* _WHAT YOU WILL DO_: Write out each line of the material exactly as given, and drop the images.

___ AVAILABLE DATA ___

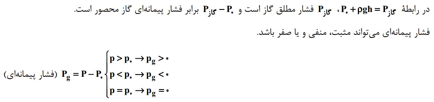نكته: فشاری كه فشارسنج های پزشكی و فشارسنج های تاير خودرو اندازه گيری می كنند در واقع همان فشار پيمانه ای است.
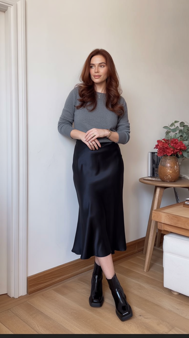 This combo is all about quiet sophistication. A soft grey knit paired with a flowing black satin midi skirt creates a look that’s both elegant and relaxed—perfect for women who want their work outfits to feel grown-up but not too serious. Chunky ankle boots give the outfit a slightly edgy twist and make it office-appropriate for women in winter and autumn alike. The vibe here is “editor on a deadline”: creative, confident, and a little mysterious. The knit keeps things grounded and practical, while the skirt catches the light as you move, adding a subtle sense of drama. It’s ideal for open-plan offices, creative agencies, or any environment where chic personal style is appreciated. Add a red lip or statement earrings when you need to dial up the impact for after-work drinks.
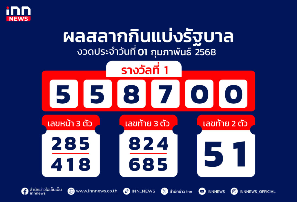 ผลสลากงวด 01 กุมภาพันธ์ 68 รางวัลที่ 1 คือ 558700 สองตัว 51
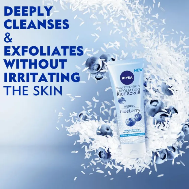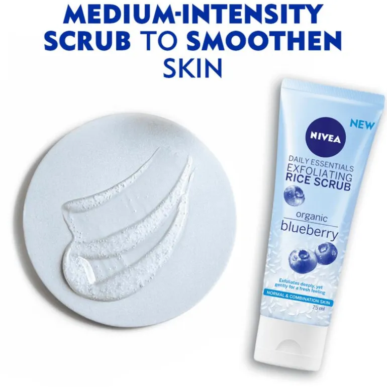 Verzacht de huid met een 100% natuurlijke scrub. NIVEA Egaliserende Bio Rijst Scrub is een medium-intensieve scrub die perfect past bij de normale huid. De milde bestanddelen in de NIVEA Egaliserende Bio Rijst Scrub exfoliëren de huid, waarbij ze effectief dode huidcellen verwijderen. Tegelijkertijd werkt het product ook als intensieve gezichtsreiniging die het ontstaan van onzuiverheden helpt tegengaan. Dit allemaal op een bijzonder milde manier, zonder je huid te irriteren. Geniet van een verfijnd huidoppervlak en een fris aanvoelende huid.De NIVEA scrub bevat hoogwaardige Japonica-rijstzaden, die verbrijzeld en gezeefd worden en vervolgens gemengd worden met bosbessensap. De rijstdeeltjes hebben een exfoliërende werking en bieden tegelijkertijd verzachting en diepe hydratatie. Blauwe bessen, rijk aan antioxidanten, beschermen de huidcellen tegen schade. Dit zorgt voor een opfrissende, verzachtende en beschermende werking, ideaal voor de onzuivere huid. • Reinigt de huid grondig en verwijdert dode huidcellen• Is bijzonder mild en heeft een verzachtende werking• Verfijnt en versterkt het huidoppervlak, voor een frisse huid• Irriteert de huid niet• Helpt de natuurlijke vochtbalans van de huid te behouden
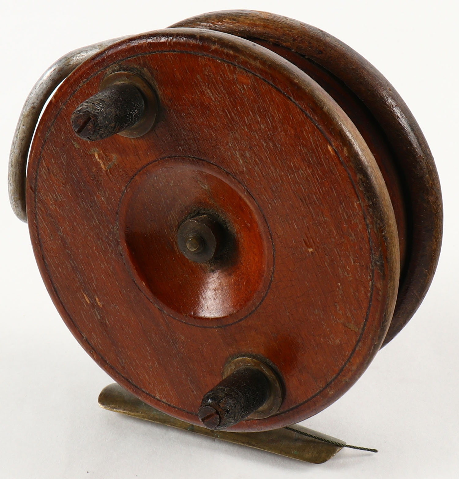 | Unmarked wood/brass fly reel, English circa 1890's, dual handle...
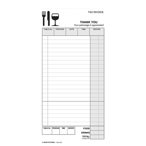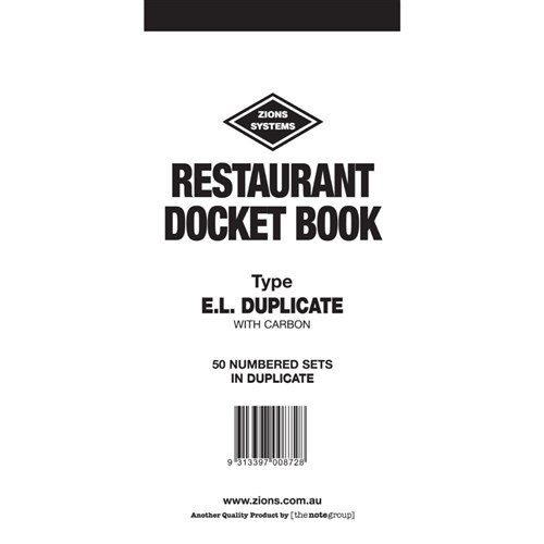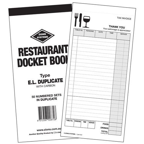Zions offers a wide range of single, duplicate, triplicate and quadruplicate restaurant docket books, suitable for all styles of bistros, cafes, restaurants and take-away outlets.
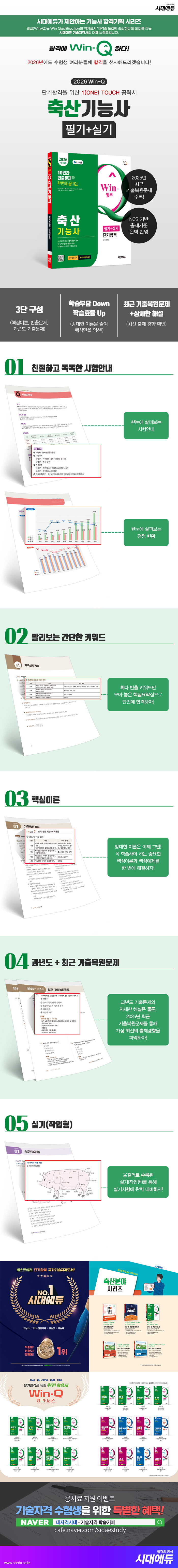 · 제목 : 2026 시대에듀 Win-Q 축산기능사 필기 + 실기 단기합격 (2025년 최근 기출복원문제 수록! 실기(작업형) 올컬러 및 핵심요약집 빨간키 수록!)
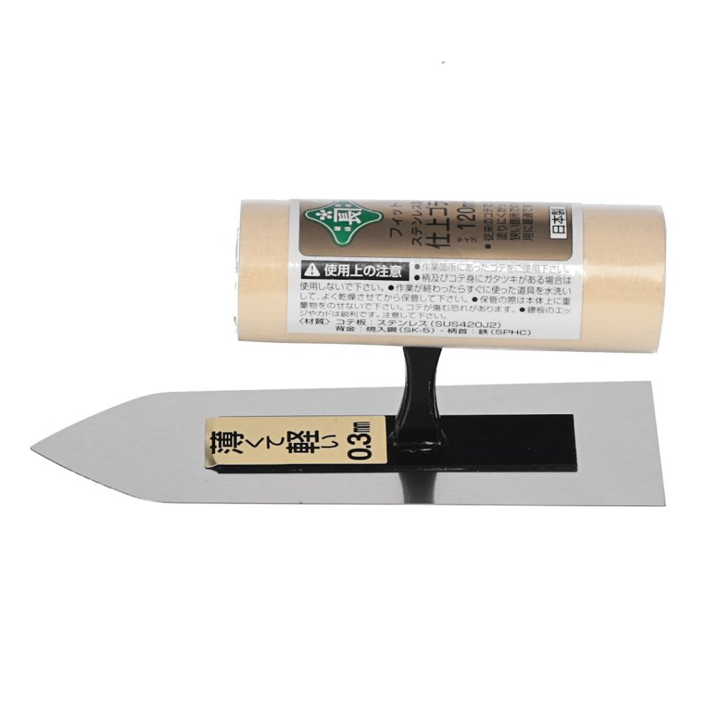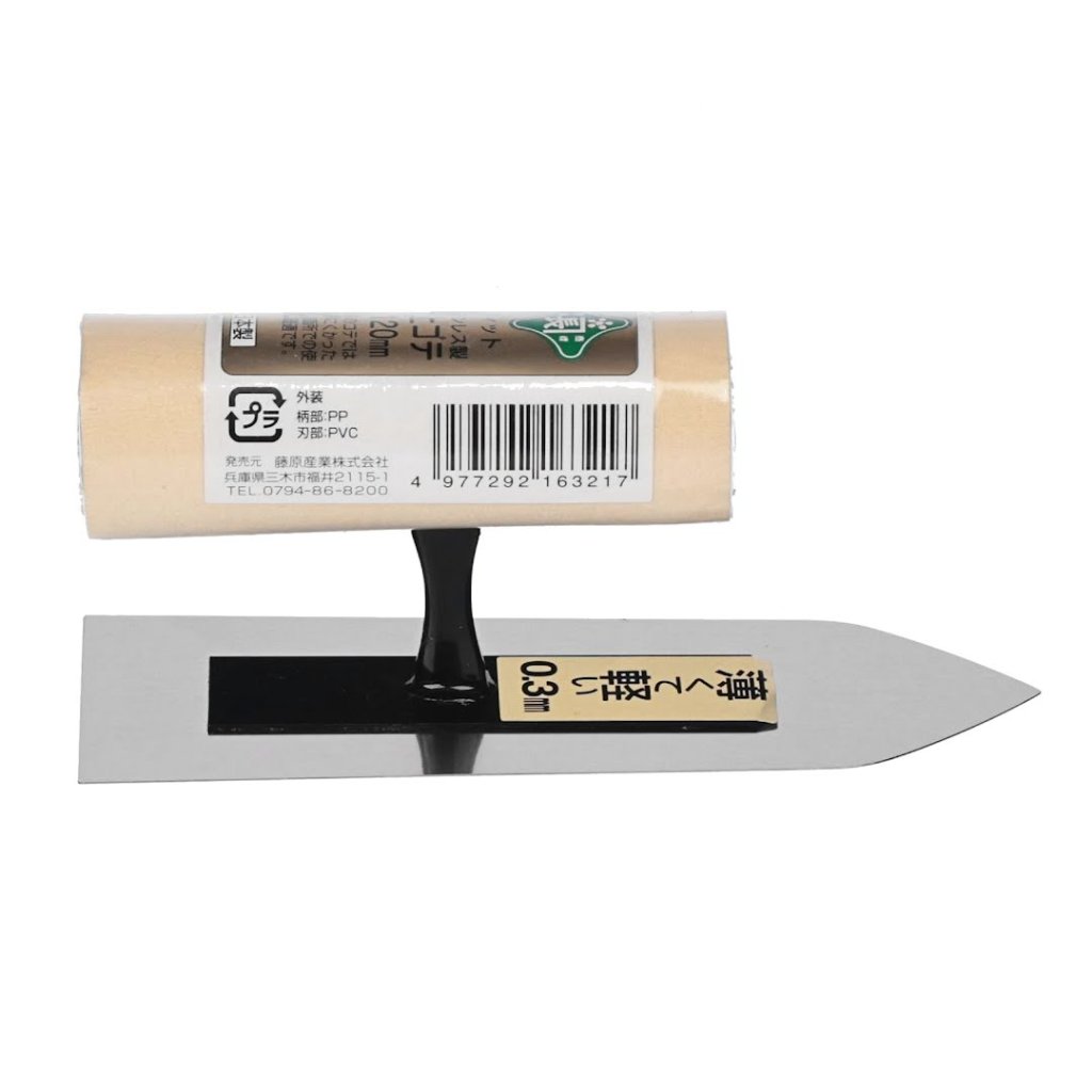 Japonské hladítko MIDORI KANECHO je všestranný nástroj navržený pro precizní aplikaci v úzkých prostorách. Vyrobeno z nerezové oceli odolné proti korozi, je snadno čistitelné organickými rozpouštědly, jako jsou ředidla. Měří 120 mm a má tloušťku čepele 0,3 mm, tato lžíce je lehká, váží 60 g, což z ní činí ideální volbu pro jemné dokončovací práce.
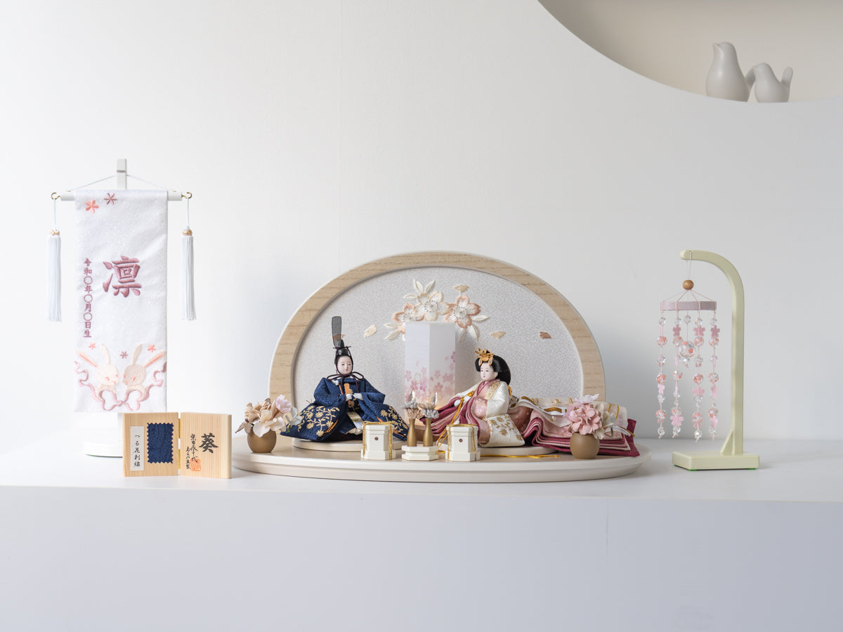 白系統の飾り台やお道具に紺の男雛が映える配色のセットです。

___

* _RESPONSE FOR THIS EXERCISE_:
نكته: فشاری كه فشارسنج های پزشكی و فشارسنج های تاير خودرو اندازه گيری می كنند در واقع همان فشار پيمانه ای است.
 This combo is all about quiet sophistication. A soft grey knit paired with a flowing black satin midi skirt creates a look that’s both elegant and relaxed—perfect for women who want their work outfits to feel grown-up but not too serious. Chunky ankle boots give the outfit a slightly edgy twist and make it office-appropriate for women in winter and autumn alike. The vibe here is “editor on a deadline”: creative, confident, and a little mysterious. The knit keeps things grounded and practical, while the skirt catches the light as you move, adding a subtle sense of drama. It’s ideal for open-plan offices, creative agencies, or any environment where chic personal style is appreciated. Add a red lip or statement earrings when you need to dial up the impact for after-work drinks.
 ผลสลากงวด 01 กุมภาพันธ์ 68 รางวัลที่ 1 คือ 558700 สองตัว 51
 Verzacht de huid met een 100% natuurlijke scrub. NIVEA Egaliserende Bio Rijst Scrub is een medium-intensieve scrub die perfect past bij de normale huid. De milde bestanddelen in de NIVEA Egaliserende Bio Rijst Scrub exfoliëren de huid, waarbij ze effectief dode huidcellen verwijderen. Tegelijkertijd werkt het product ook als intensieve gezichtsreiniging die het ontstaan van onzuiverheden helpt tegengaan. Dit allemaal op een bijzonder milde manier, zonder je huid te irriteren. Geniet van een verfijnd huidoppervlak en een fris aanvoelende huid.De NIVEA scrub bevat hoogwaardige Japonica-rijstzaden, die verbrijzeld en gezeefd worden en vervolgens gemengd worden met bosbessensap. De rijstdeeltjes hebben een exfoliërende werking en bieden tegelijkertijd verzachting en diepe hydratatie. Blauwe bessen, rijk aan antioxidanten, beschermen de huidcellen tegen schade. Dit zorgt voor een opfrissende, verzachtende en beschermende werking, ideaal voor de onzuivere huid. • Reinigt de huid grondig en verwijdert dode huidcellen• Is bijzonder mild en heeft een verzachtende werking• Verfijnt en versterkt het huidoppervlak, voor een frisse huid• Irriteert de huid niet• Helpt de natuurlijke vochtbalans van de huid te behouden
 | Unmarked wood/brass fly reel, English circa 1890's, dual handle...
Zions offers a wide range of single, duplicate, triplicate and quadruplicate restaurant docket books, suitable for all styles of bistros, cafes, restaurants and take-away outlets.
 · 제목 : 2026 시대에듀 Win-Q 축산기능사 필기 + 실기 단기합격 (2025년 최근 기출복원문제 수록! 실기(작업형) 올컬러 및 핵심요약집 빨간키 수록!)
 Japonské hladítko MIDORI KANECHO je všestranný nástroj navržený pro precizní aplikaci v úzkých prostorách. Vyrobeno z nerezové oceli odolné proti korozi, je snadno čistitelné organickými rozpouštědly, jako jsou ředidla. Měří 120 mm a má tloušťku čepele 0,3 mm, tato lžíce je lehká, váží 60 g, což z ní činí ideální volbu pro jemné dokončovací práce.
 白系統の飾り台やお道具に紺の男雛が映える配色のセットです。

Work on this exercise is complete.